Quizás el caso más emblemático, por la difusión y por lo que está en juego,  sea la película Aviones, de Disney –no por casualidad, del mismo dueño de Monsanto- donde los niños aprenden a amar al avioncito fumigador de soja que los riega con glifosato desde el cielo, asociado a mensajes supuestamente nobles como la amistad, la lealtad, el “campesino” chuncano y valiente que supera todos los retos y cumple su sueño de triunfar en grande.

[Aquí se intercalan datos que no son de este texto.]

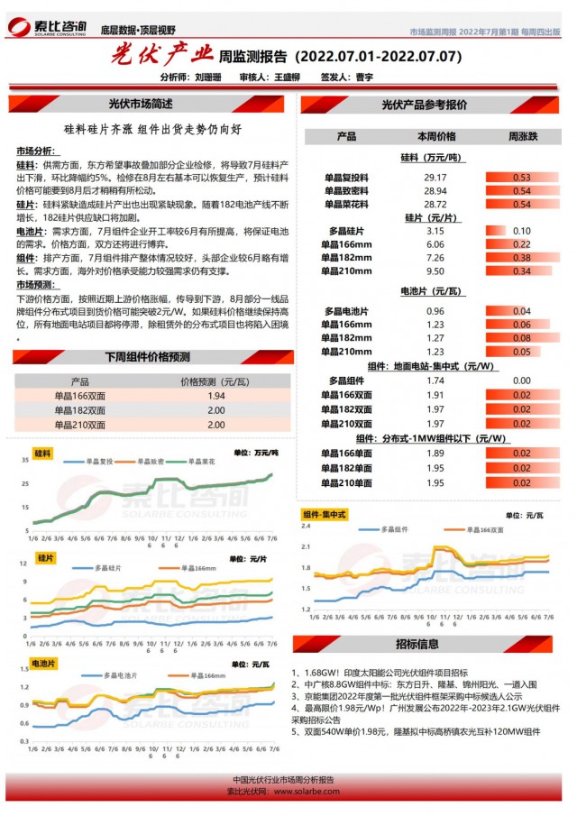 光伏產(chǎn)業(yè) 周監(jiān)測(cè)報(bào)告

Es cierto que jamás van a alcanzar la trayectoria del cuento de la gallina de los huevos de oro, que nos viene advirtiendo desde hace siglos el peligro de destruir la fuente que nos entrega un poquito de riqueza cada día, por pretender extraérsela  violentamente toda de golpe.  Ni por asomo, la milenaria fuerza arquetípica del mito del Rey Midas, a quien los dioses le conceden el deseo de que se convierta en oro todo lo que toque: el agua y los frutos se vuelven vil metal al llegar a sus labios, y Midas muere de hambre, de sed y desesperación acariciando a su hija, transformada en una estatua dorada y sin vida.

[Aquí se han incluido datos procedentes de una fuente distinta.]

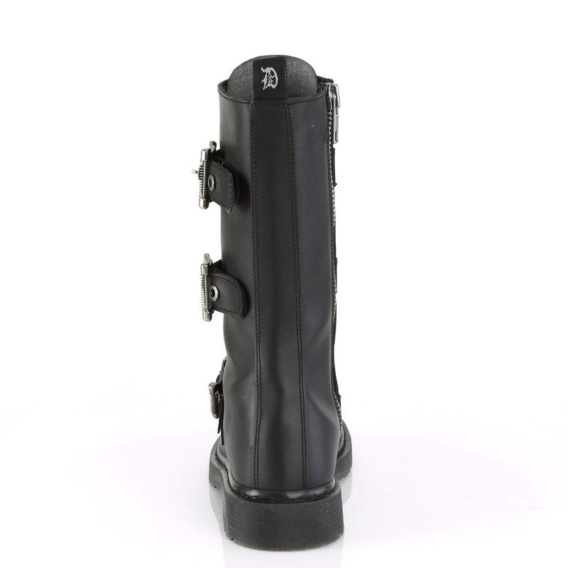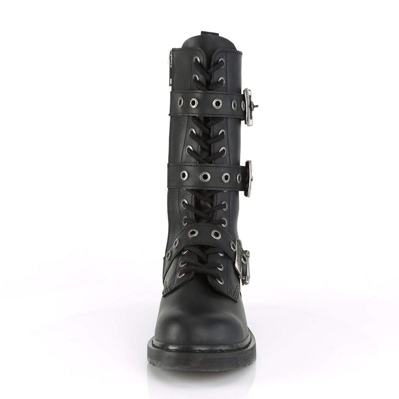 Embrace the fusion of punk and modern fashion with the Bolt-330 mid-calf combat boots. These boots boast a sturdy 1 1/4" heel and are constructed from high-quality black vegan leather, showcasing a commitment to ethical fashion. Designed with a 14 eyelet lace-up system and enhanced by triple buckle straps, they offer an audacious look that complements any outfit. The addition of an inside zip closure adds a touch of practicality to its rugged charm, making them an ideal choice for adventurers of style.

Sin embargo, no deja de ser inquietante la pregunta: ¿qué sucede cuando en las mentes infantiles se siembra la semillita de la codicia, la ambición, el policía interior, o el amor por los dados? Elementos que después, de adultos, se repiten en las psiquis de los trabajadores mineros, de los buscadores de oro en general, de los especuladores de todo tipo: el sueño de dar el batacazo sin esfuerzo y ganar millones de la noche a la mañana. A cualquier costo, así haya que asesinar, que reprimir a poblaciones inocentes que lo único que quieren es vivir en paz, sin venenos que les caigan de arriba. No se sabe bien por qué ni para qué algunos adultos quieren tanto oro, puesto que la felicidad, ya la vienen dibujando espontáneamente  tantos niños de todas las eras que, si los dejáramos nomás con su sabiduría y sus crayones, nos darían una y otra vez los argumentos invencibles: en sus dibujos ya está, entero, el mundo por venir.